[DATASET EXCERPTS — start]

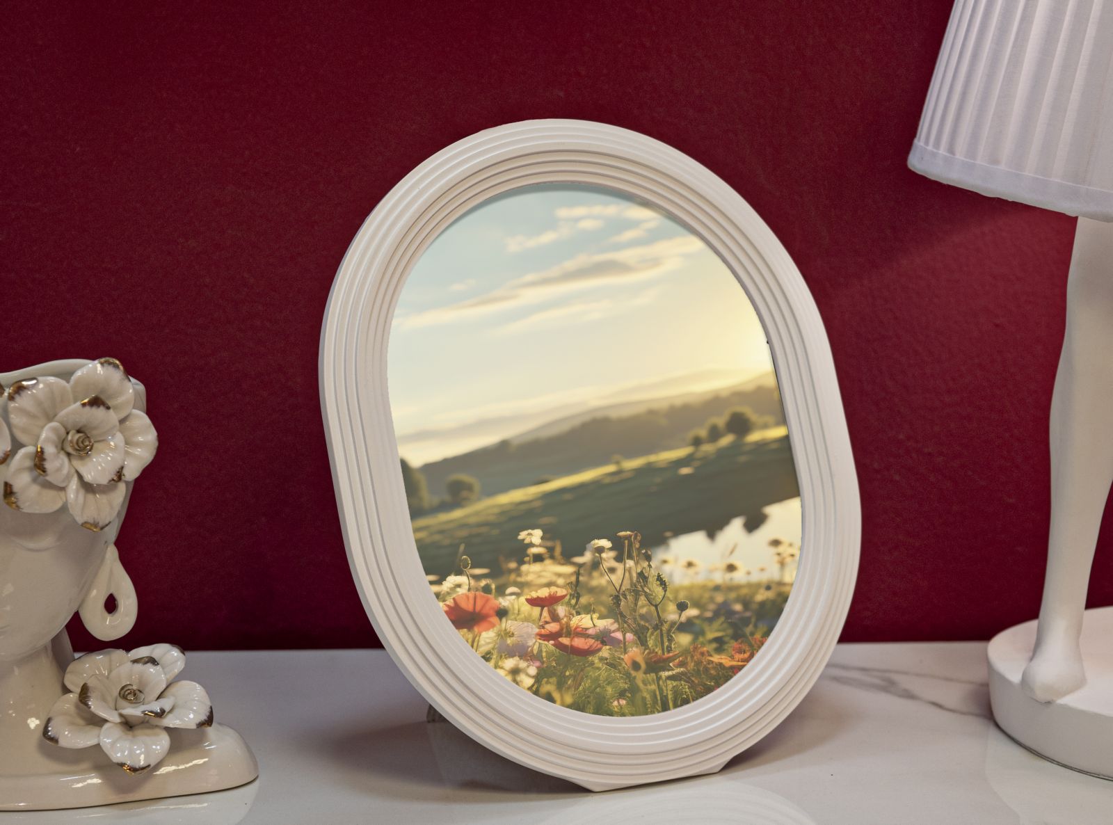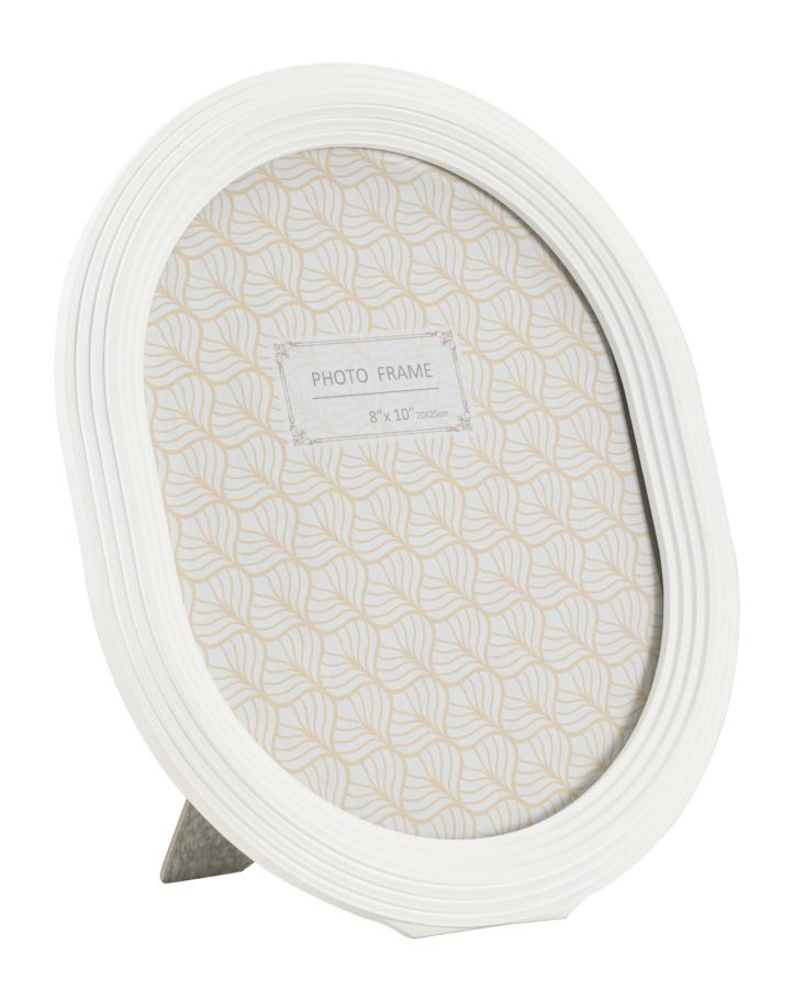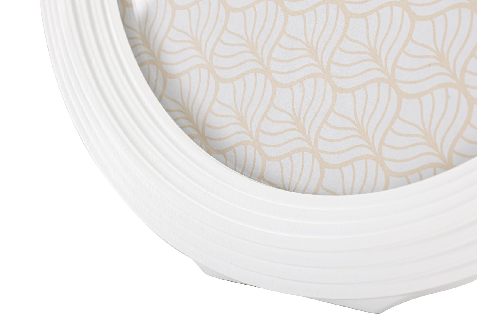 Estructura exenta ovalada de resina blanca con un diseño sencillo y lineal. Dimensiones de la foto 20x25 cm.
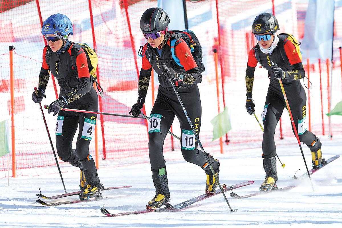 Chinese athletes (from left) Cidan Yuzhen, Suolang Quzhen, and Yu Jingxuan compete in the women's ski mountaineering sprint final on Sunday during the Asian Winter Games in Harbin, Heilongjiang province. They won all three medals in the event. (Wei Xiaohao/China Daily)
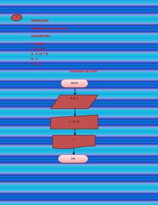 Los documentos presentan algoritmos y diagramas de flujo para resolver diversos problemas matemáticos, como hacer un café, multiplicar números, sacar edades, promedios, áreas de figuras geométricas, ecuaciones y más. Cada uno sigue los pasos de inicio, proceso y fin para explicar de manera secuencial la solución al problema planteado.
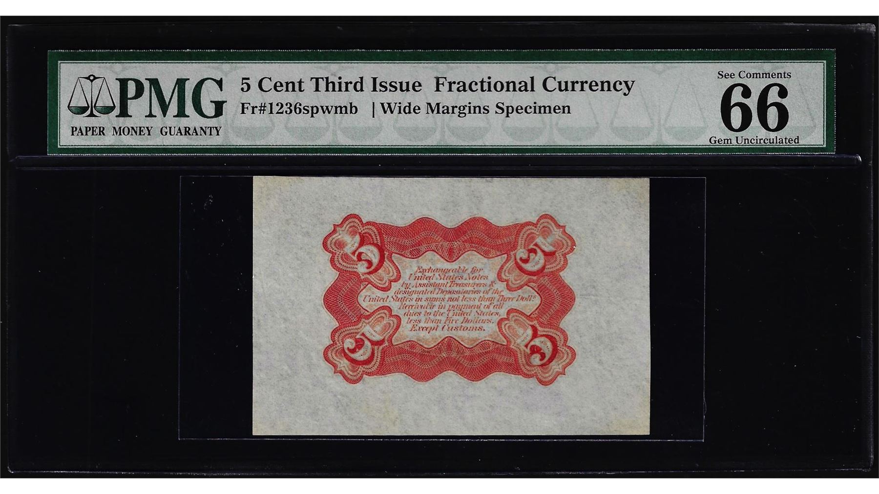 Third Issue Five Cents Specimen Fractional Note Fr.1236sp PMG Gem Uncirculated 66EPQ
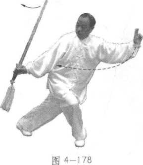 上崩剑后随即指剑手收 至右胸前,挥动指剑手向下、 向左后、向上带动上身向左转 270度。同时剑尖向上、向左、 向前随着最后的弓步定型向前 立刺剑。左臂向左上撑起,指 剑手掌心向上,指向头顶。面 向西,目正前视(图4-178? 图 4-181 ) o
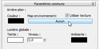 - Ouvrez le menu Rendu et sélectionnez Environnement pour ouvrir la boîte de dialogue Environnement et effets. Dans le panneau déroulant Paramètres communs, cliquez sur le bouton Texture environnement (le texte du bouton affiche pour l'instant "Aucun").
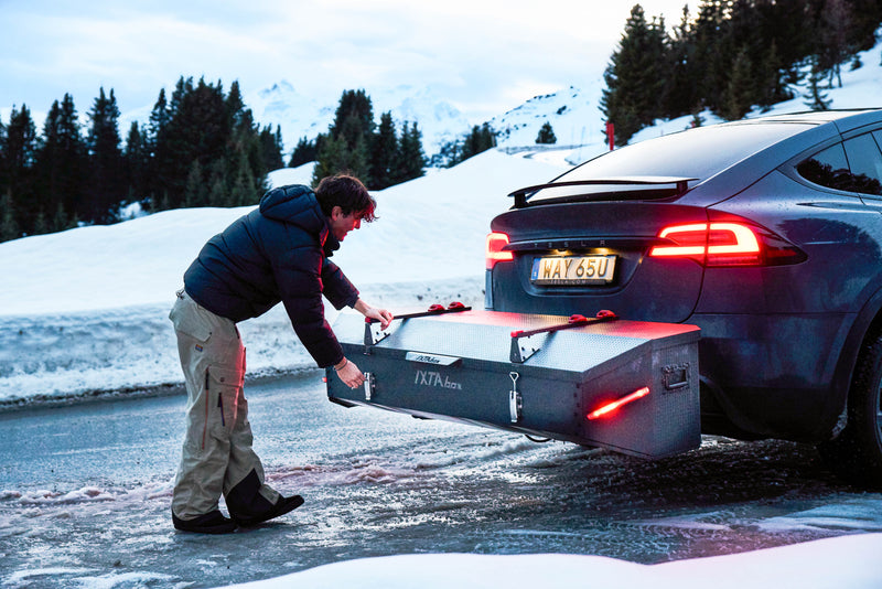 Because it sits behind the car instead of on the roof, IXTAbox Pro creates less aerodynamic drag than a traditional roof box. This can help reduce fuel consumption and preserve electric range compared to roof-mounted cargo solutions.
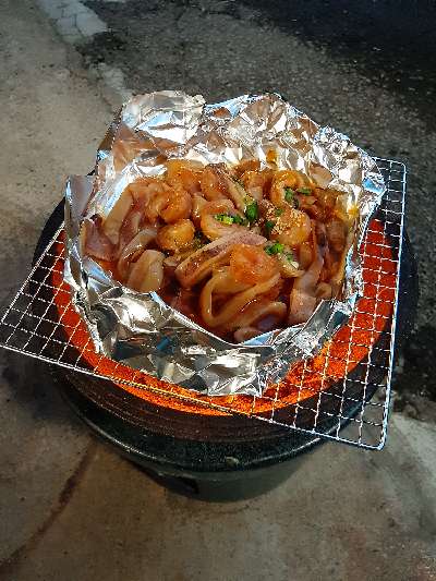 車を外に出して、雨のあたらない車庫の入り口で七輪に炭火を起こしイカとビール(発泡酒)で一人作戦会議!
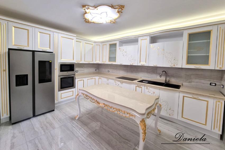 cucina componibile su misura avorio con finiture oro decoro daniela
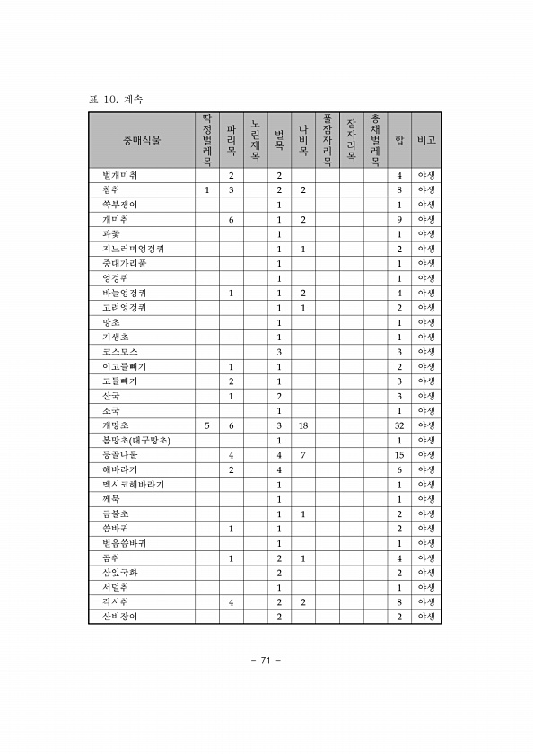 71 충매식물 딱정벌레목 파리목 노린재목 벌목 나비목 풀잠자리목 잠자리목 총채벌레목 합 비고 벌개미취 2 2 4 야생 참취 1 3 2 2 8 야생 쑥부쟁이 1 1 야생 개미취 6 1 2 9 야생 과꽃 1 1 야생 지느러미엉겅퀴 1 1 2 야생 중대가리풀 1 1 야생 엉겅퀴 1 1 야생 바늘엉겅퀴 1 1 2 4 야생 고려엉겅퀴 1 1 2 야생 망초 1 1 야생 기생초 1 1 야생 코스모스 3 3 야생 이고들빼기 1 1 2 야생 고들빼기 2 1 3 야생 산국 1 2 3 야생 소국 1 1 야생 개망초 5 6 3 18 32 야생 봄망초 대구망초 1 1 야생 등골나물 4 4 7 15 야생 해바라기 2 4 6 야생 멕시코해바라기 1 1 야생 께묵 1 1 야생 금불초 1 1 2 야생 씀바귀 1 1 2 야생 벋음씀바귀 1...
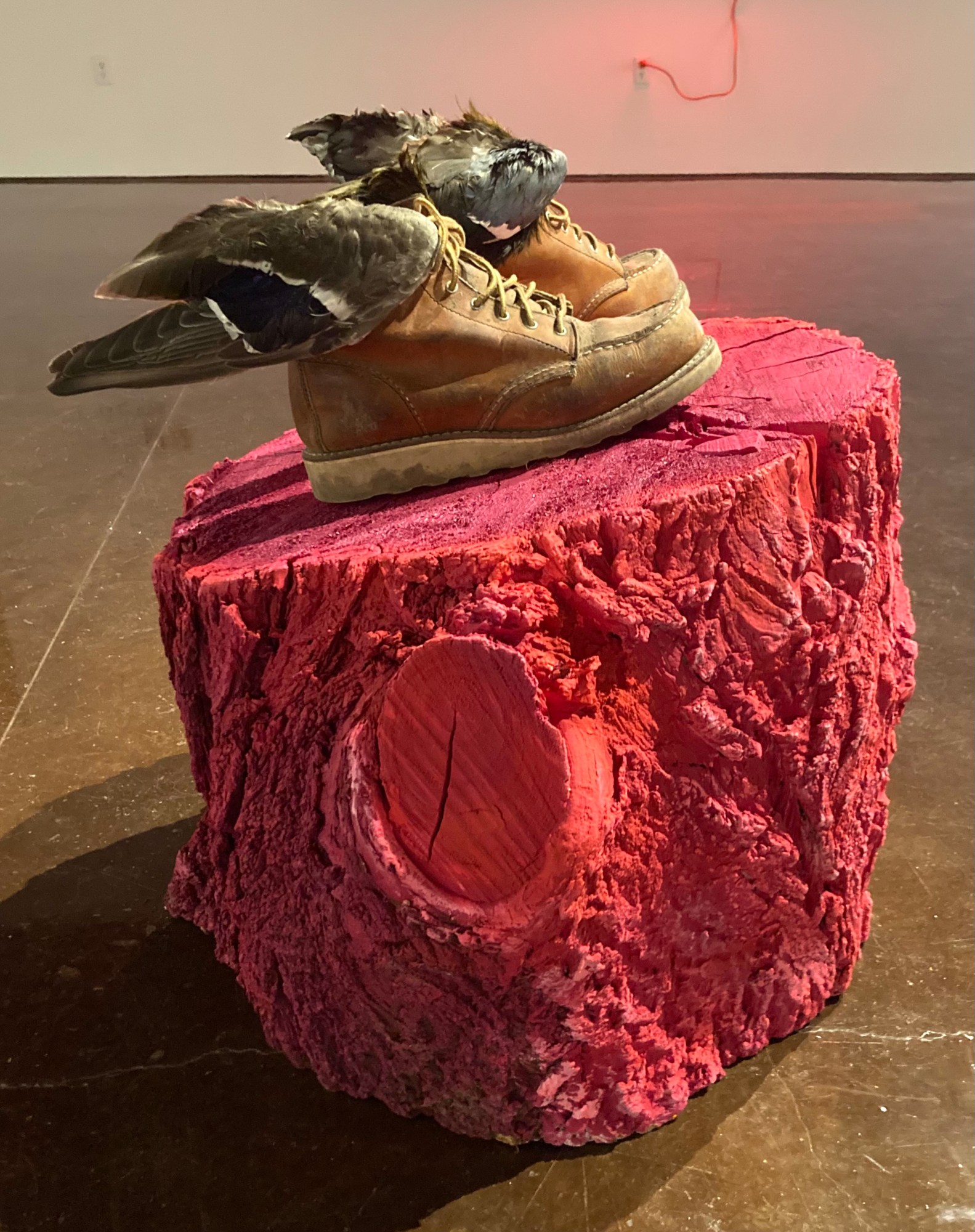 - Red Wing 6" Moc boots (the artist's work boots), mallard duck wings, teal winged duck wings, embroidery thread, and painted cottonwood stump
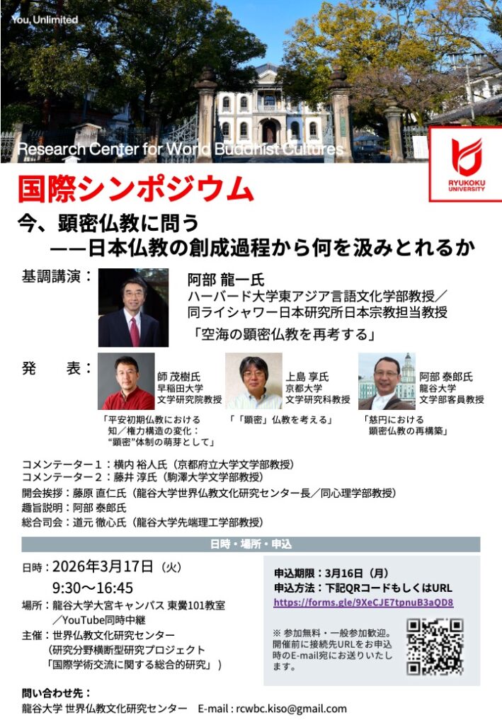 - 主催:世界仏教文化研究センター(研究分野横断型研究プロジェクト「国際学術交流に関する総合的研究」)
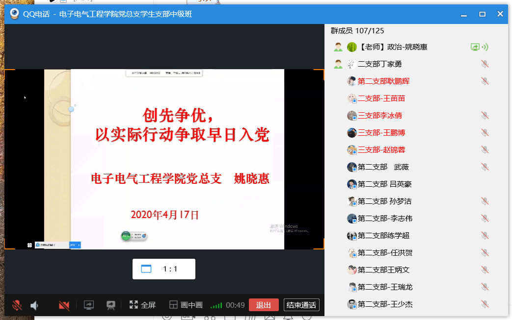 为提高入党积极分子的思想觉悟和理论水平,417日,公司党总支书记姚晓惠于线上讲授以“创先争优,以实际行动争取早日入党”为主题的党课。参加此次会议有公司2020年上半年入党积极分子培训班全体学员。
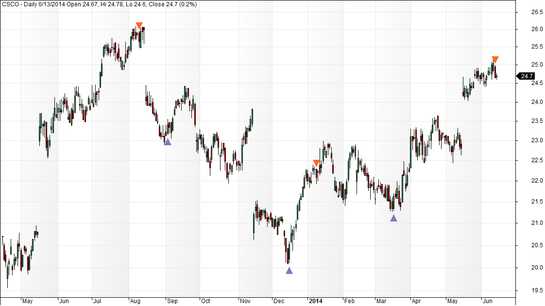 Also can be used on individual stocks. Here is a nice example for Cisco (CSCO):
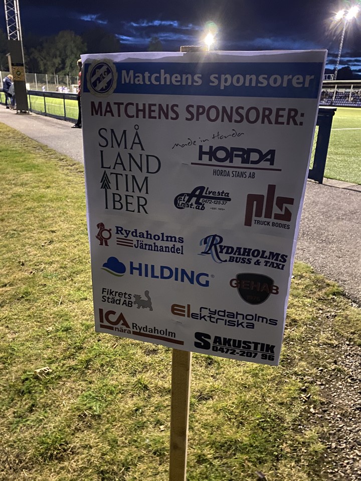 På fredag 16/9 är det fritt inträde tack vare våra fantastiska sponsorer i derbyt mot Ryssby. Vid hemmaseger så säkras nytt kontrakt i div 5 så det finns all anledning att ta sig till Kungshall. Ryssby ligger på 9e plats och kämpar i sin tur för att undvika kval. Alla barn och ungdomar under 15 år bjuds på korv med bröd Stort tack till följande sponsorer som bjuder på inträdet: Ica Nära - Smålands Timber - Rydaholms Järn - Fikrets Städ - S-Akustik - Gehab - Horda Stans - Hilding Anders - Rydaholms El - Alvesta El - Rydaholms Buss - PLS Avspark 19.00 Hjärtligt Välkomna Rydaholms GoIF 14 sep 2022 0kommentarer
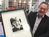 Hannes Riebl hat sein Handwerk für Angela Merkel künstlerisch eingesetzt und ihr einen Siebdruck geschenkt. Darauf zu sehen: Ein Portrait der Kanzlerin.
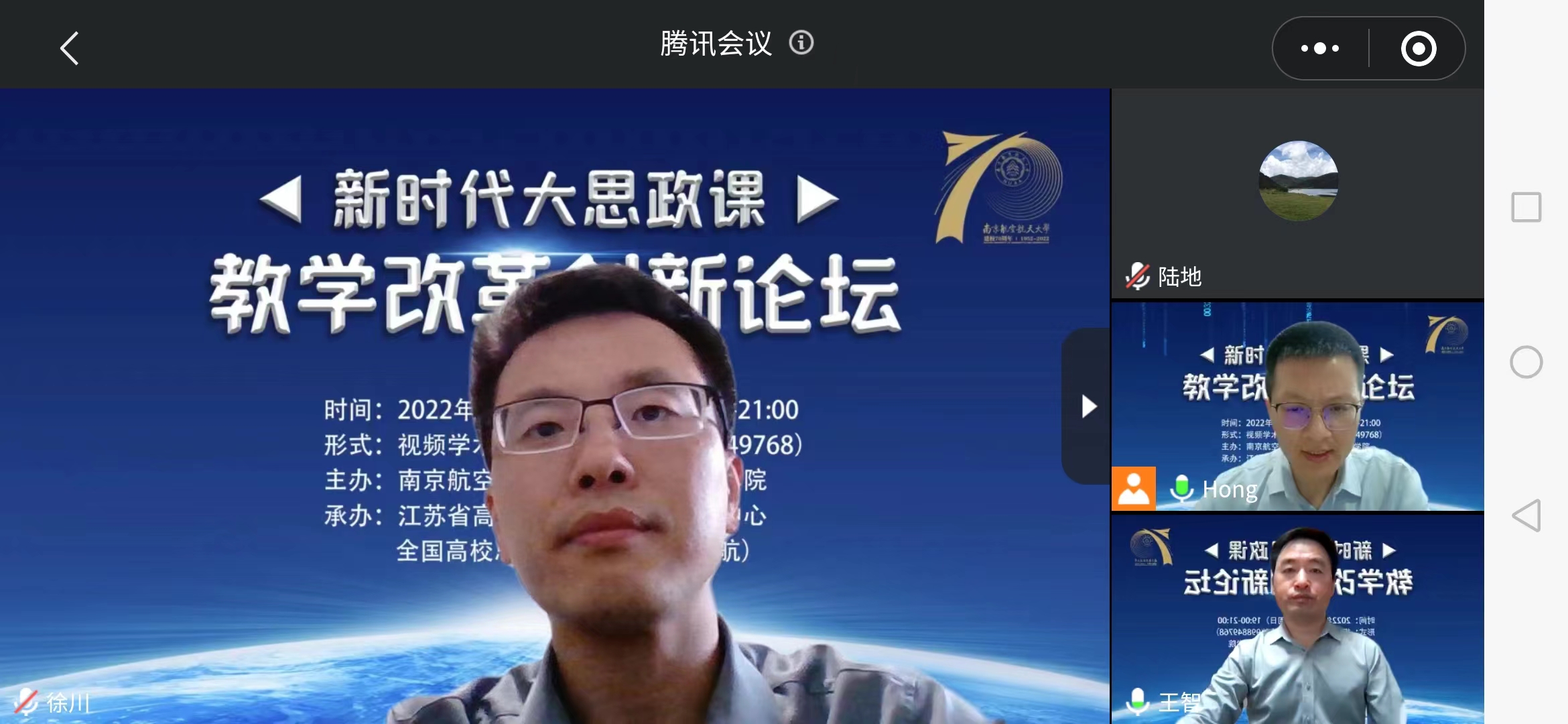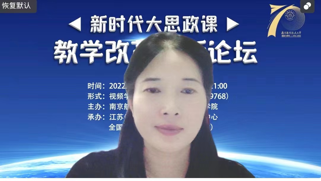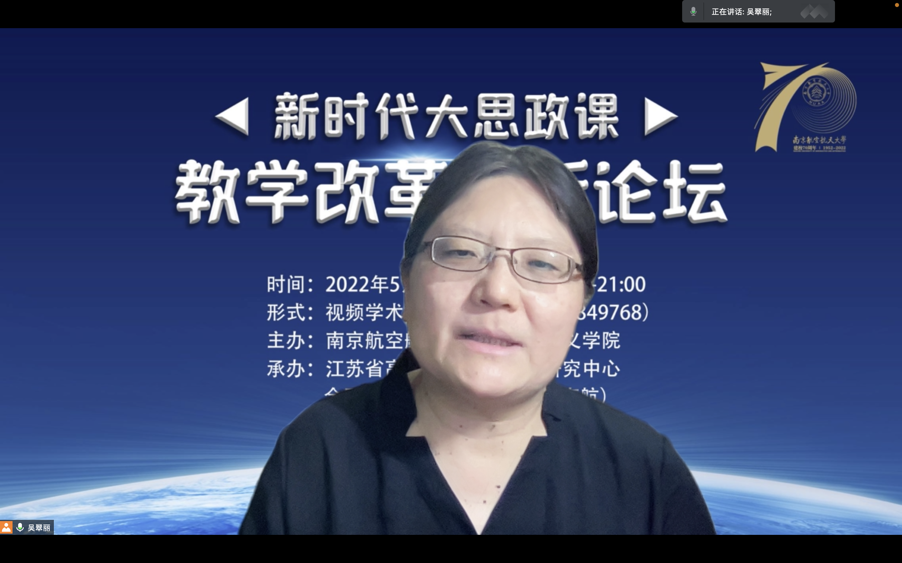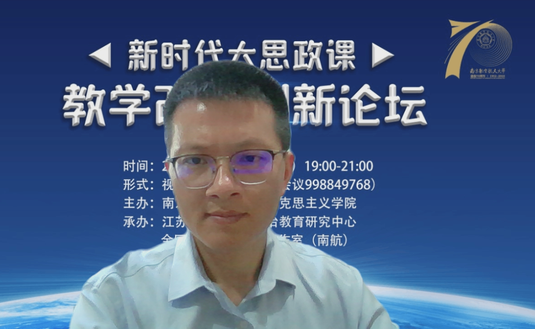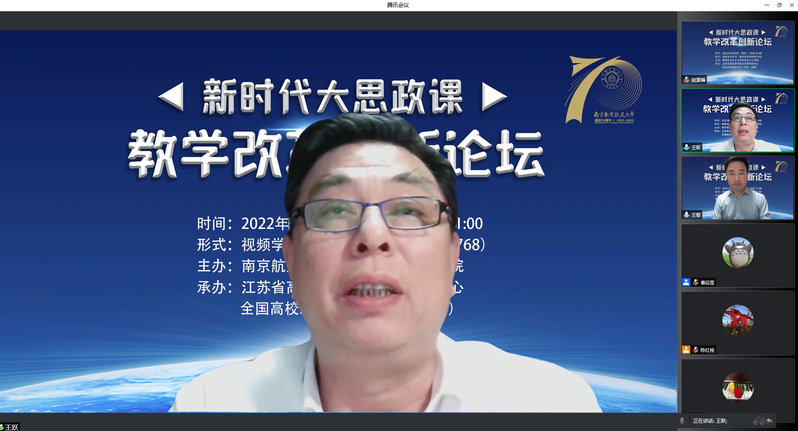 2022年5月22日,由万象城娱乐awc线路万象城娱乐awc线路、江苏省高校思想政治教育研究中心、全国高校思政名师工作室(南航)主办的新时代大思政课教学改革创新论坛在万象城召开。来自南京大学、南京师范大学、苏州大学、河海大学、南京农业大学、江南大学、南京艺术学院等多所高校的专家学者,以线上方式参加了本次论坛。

[DATASET EXCERPTS — finish]

_WHAT TO WORK ON:_ An exact copy is needed of the entries above, starting at the line that holds "Third Issue Five" and stopping at the line that holds "- Ouvrez le", both kept; pictures stay out.

_EXERCISE RESPONSE:_
 Third Issue Five Cents Specimen Fractional Note Fr.1236sp PMG Gem Uncirculated 66EPQ
 上崩剑后随即指剑手收 至右胸前,挥动指剑手向下、 向左后、向上带动上身向左转 270度。同时剑尖向上、向左、 向前随着最后的弓步定型向前 立刺剑。左臂向左上撑起,指 剑手掌心向上,指向头顶。面 向西,目正前视(图4-178? 图 4-181 ) o
 - Ouvrez le menu Rendu et sélectionnez Environnement pour ouvrir la boîte de dialogue Environnement et effets. Dans le panneau déroulant Paramètres communs, cliquez sur le bouton Texture environnement (le texte du bouton affiche pour l'instant "Aucun").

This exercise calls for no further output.